Calamotropha anticella

Scientific classification
- Kingdom: Animalia
- Phylum: Arthropoda
- Clade: Pancrustacea
- Class: Insecta
- Order: Lepidoptera
- Family: Crambidae
- Subfamily: Crambinae
- Tribe: Calamotrophini
- Genus: Calamotropha
- Species: C. anticella
- Binomial name: Calamotropha anticella (Walker, 1866)
- Synonyms: Ancylolomia anticella Walker, 1866;

= Calamotropha anticella =

- Genus: Calamotropha
- Species: anticella
- Authority: (Walker, 1866)
- Synonyms: Ancylolomia anticella Walker, 1866

Species of moth

Calamotropha anticella is a moth in the family Crambidae. It was described by Francis Walker in 1866. It is found in South Africa and Sri Lanka.

==Description==
Its wingspan is about 24–26 mm.

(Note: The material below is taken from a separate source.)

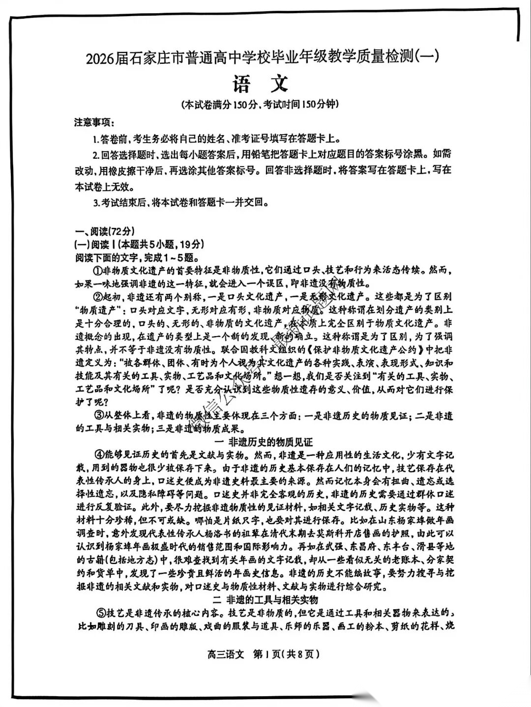 河北省石家庄市2026届普通高中学校毕业年级教学质量检测(一)(石家庄一模)语文试题
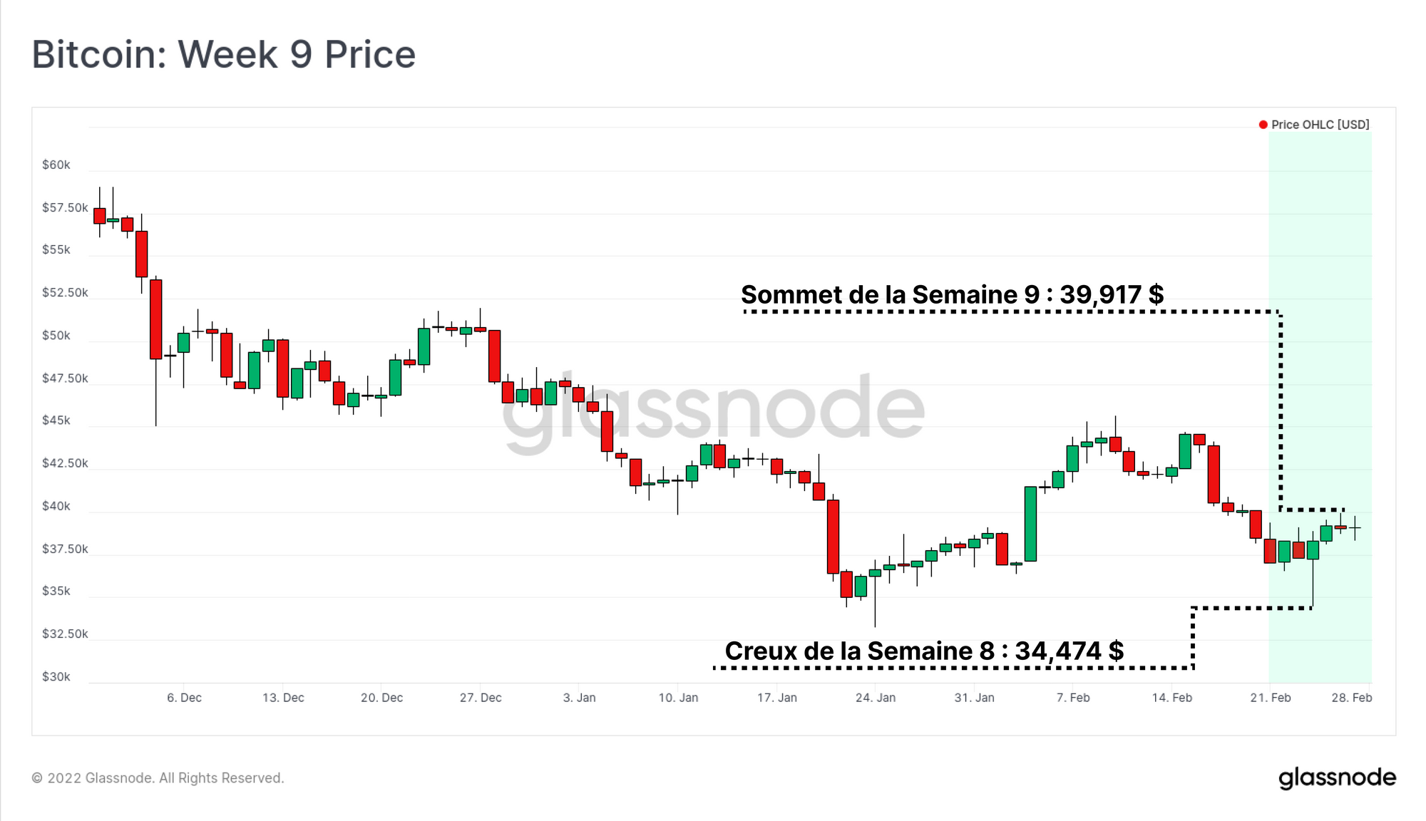 Les marchés mondiaux ont été confrontés à une semaine très décevante alors qu'un conflit armé éclate entre la Russie et l'Ukraine. En tant qu'actif macroéconomique mondial, avec des marchés ne fermant jamais, le prix du bitcoin a réagi de manière assez volatile. Cette semaine, le marché a baissé jusqu'à 34 474 $ avant de remonter rapidement jusqu'à 39 917 $.

In the male, the head and thorax are greyish suffused with coppery brown. Abdomen whitish. Forewings with costal and inner areas grey irrorated (sprinkled) with fuscous. The median area streaked with coppery brown. A black speck is found at the origin of vein 2. A postmedial line is excurved from costa to vein 6, then reduced to a series of specks. The interspaces of the outer area are streaked with white. A marginal series of black specks is present. Hindwings white slightly tinged with brown. Female with pure white hindwings.